The impedance can also be represented in rectangular coordinates as:

$$\underline{Z} = R + jX (Eq. 10.76)$$

Where $R$ is the real part of the impedance (called the resistance or the resistive component of the impedance) and $X$ is the imaginary part of the impedance (called the reactance or the reactive part of the impedance). $R$ and $X$ are related to $|\underline{Z}|$ and $\angle \underline{Z}$ by the usual rules relating rectangular and polar coordinates, so that:

$$|\underline{Z}|= \sqrt{R^2+X^2} \\ \angle \underline{Z} = \tan^{-1} \left( \frac{X}{R} \right)$$

And:

$$R=Re \left\{ \underline{Z} \right\} = | \underline{Z} | \cos \theta_Z$$

$$X=Im \left\{ \underline{Z} \right\} = | \underline{Z} | \sin \theta_Z$$

Impedance is an extremely useful concept, in that it can be used to represent the voltage-current relations for any two-terminal electrical circuit element in the frequency domain, as indicated in Figure 10.19.

The admittance, $\underline{Y}$, is defined as the reciprocal of impedance:

$$\underline{Y}=\frac{1}{\underline{Z}} (Eq. 10.77)$$

Admittance is also a complex number, and is written in rectangular coordinates as:

$$\underline{Y}=G+jB (Eq. 10.78)$$

Where $G$ is called the conductance and $B$ is the susceptance.

Impedances and admittances for the three electrical circuit elements presented previously in this section are provided in Table 10.1 below. These results are readily obtained from the previously presented phasor domain voltage-current relationships and the definitions of impedance and admittance. The relations provided in Table 10.1 should be committed to memory.

### Example 10.7: Provide the Phasor-domain Representation of the Circuit Below

The input amplitude is 20 volts, and the input phase is $30^{\circ}$, so the phasor representation of the input voltage is $20 \angle 30^{\circ}$.

The frequency of the input voltage is $\omega = 10 rad/sec$. Thus, the impedances of the passive circuit elements are as follows:

• Resistor: $\underline{Z} = R = 2 \Omega$
• Inductor: $\underline{Z} = j \omega L = j(10rad / sec)(0.1H) = j 1 \Omega$
• Capacitor: $\underline{Z} = \frac{1}{j \omega C} = \frac{1}{j(10rad / sec) (\frac{1}{30}F)} = \frac{3}{j} \Omega = -j 3 \Omega$

The phasor-domain circuit is shown below.

### Section Summary

• Voltage-current relation for our passive circuit elements in the frequency domain are:
• Resistor: $\underline{V}=R\underline{I}$
• Inductor: $\underline{V}=j \omega L \cdot \underline{I}$
• Capacitor: $\underline{V} = \frac{1}{j \omega C} \cdot \underline{I}$
• The impedance of a circuit element is the ratio of the phasor voltage to the phasor current in that element:
• Resistor: $\underline{Z}=R$
• Inductor: $\underline{Z}=j \omega L$
• Capacitor: $\underline{Z} = \frac{1}{j \omega C}$
• Impedance is, in general, a complex number.

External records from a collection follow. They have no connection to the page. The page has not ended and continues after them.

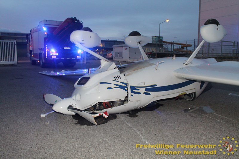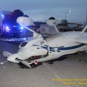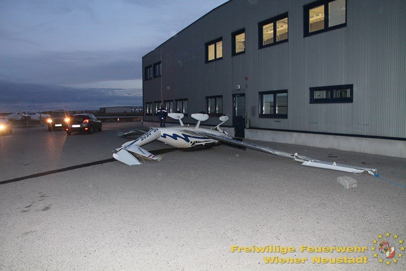 Ein abgestelltes Kleinflugzeug wurde am Flugfeld Ost von den Windböen von der Parkposition in die Luft gewirbelt, touchierte das Dach des Verwaltungsgebäudes und kam verkehrt in der Zufahrt zum Flugfeld liegen. Ein Aufstellen des Flugzeuges wäre aufgrund des Sturms nicht möglich gewesen, weshalb die Feuerwehrmitglieder das Flugzeug am Boden nieder zurrten.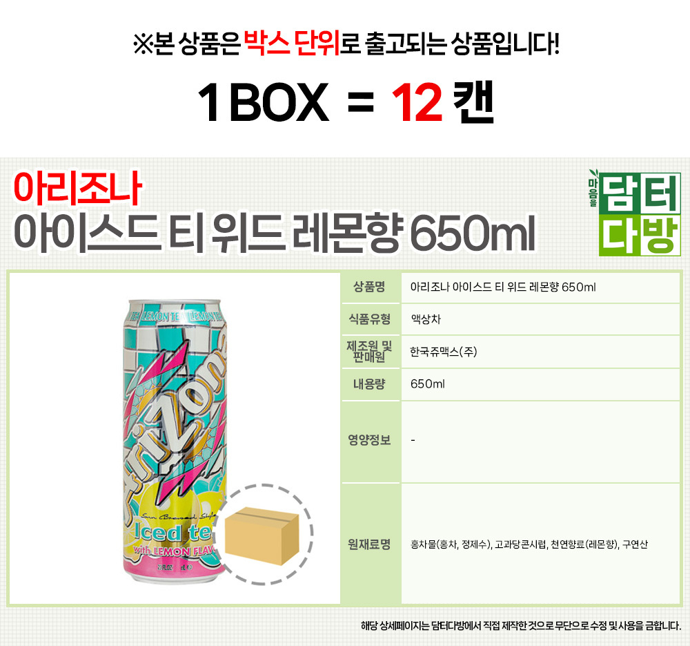 아리조나 아이스드 티 위드 레몬향 650ml (12캔)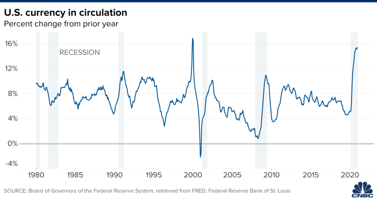 Αυτό, σύμφωνα με το CNBC, είναι λόγω της μαζικής διοχέτευσης μετρητών λόγω της στήριξης των αρχών και έτσι τα χρήματα που κυκλοφορούν ανέρχονται σε 2,07 τρισεκατομμύρια δολάρια.
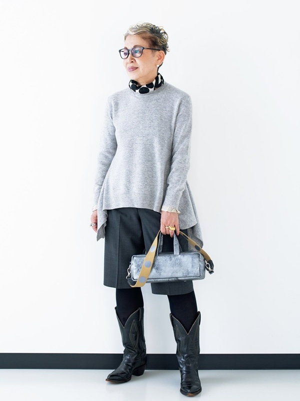 シルバーはグレイッシュなスタイルに合わせて。ストラップのドット柄が大人の遊び心を感じさせる。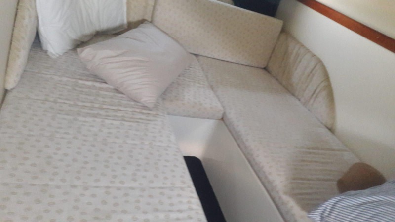 Sottocoperta si trova un salone luminoso con divano e tavolo da pranzo, una cucina attrezzata e due cabine accoglienti: una cabina armatoriale a prua con letto matrimoniale e una cabina ospiti a poppa con due letti singoli.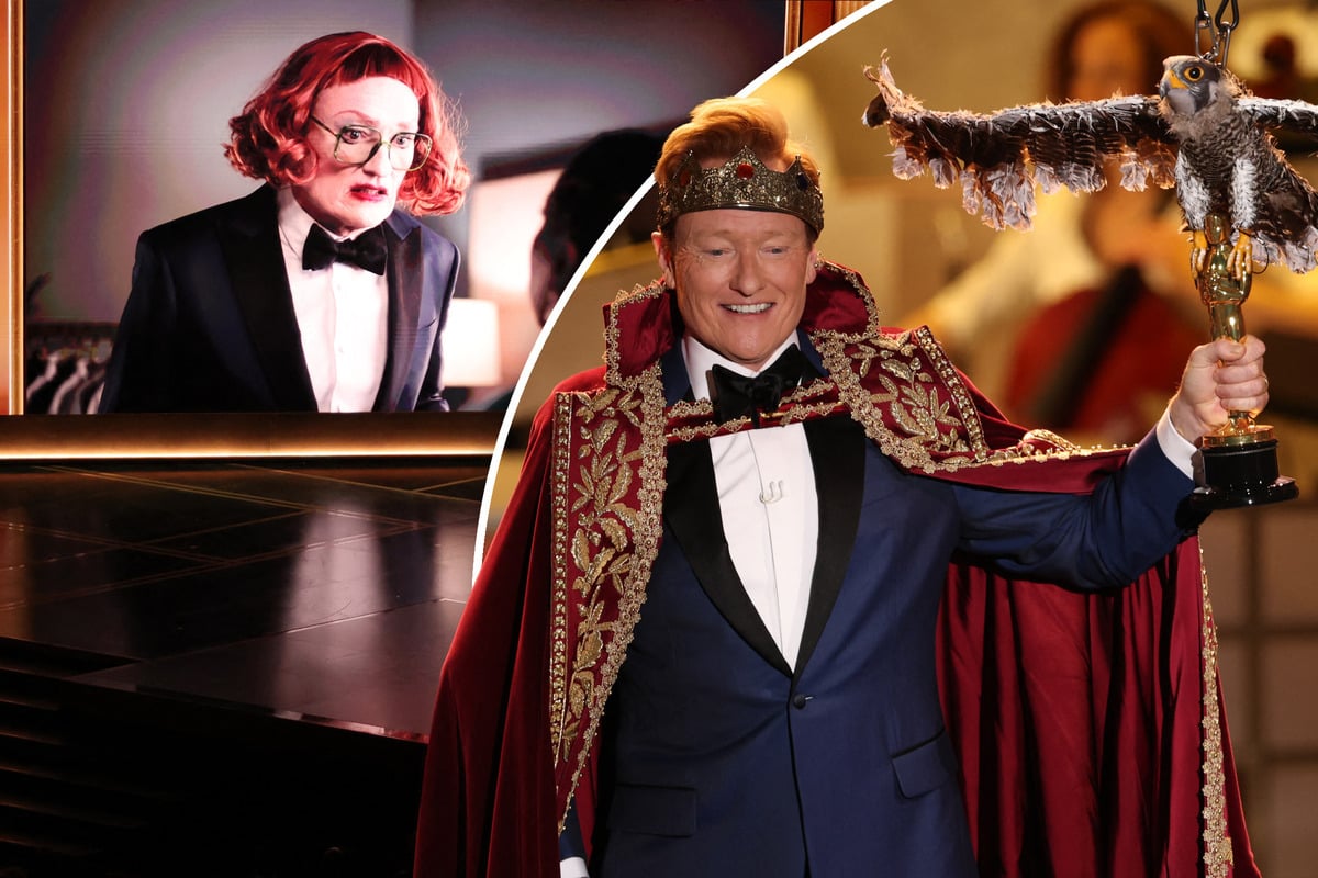 Conan O'Brien ließ sich bei den Oscars als Grusel-Oma von einer Kindermeute durch die Filmwelt jagen - ehe er sich Minuten später zum König krönen ließ.

Units of impedance are ohms ($\Omega$). The real part of impedance is the resistance. The imaginary part of impedance is reactance. Impedance, for general circuit elements, plays the same role as resistance does for resistive circuit elements. In fact, for purely resistive circuit elements, impedance is simply the resistance of the element.
• Admittance is the inverse of impedance.
• Admittance is, in general, a complex number. The real part of admittance is conductance. The imaginary part of admittance is susceptance. For purely resistive circuits, admittance is the same as conductance.
• Impedance and admittance are, in general, functions of frequency.
• Impedance and admittance are not phasors. They are complex numbers – there is no sinusoidal time domain function corresponding to impedance or admittance. (Phasors, by definition, are a way to describe a time- domain sinusoidal function.)

### Exercises

1. For the circuit shown below, $u(t)$ is the input and $y(t)$ is the output. Determine $y(t)$, $t \rightarrow \infty$, if $u(t) = 3 \cos(2t)$.

2. Sketch a diagram of the input and output phasors for exercise 1 above.

3. Determine the impedance of the circuit elements shown below if $V_{in}(t) = 2 \cos(4t)$.

4. Determine the impedance of the circuit elements in exercise 3 if $V_{in}(t) = 3 \cos(8t)$.

## 10.5: Direct Frequency Domain Circuit Analysis

In section 10.3, we determined the steady-state response of electrical circuits to sinusoidal signals using phasor representations of the signals involved, and time-domain representations of the circuit element voltage-current relations. Applying KVL and KCL in this manner resulted in governing equations in which the time dependence had been removed, which converted the governing equations from differential equations to algebraic equations. Unknowns in the resulting algebraic equations were the phasor representations of the signals. These equations could then be solved to determine the desired signals in phasor form; these results could then be used to determine the time-domain representations of the signals.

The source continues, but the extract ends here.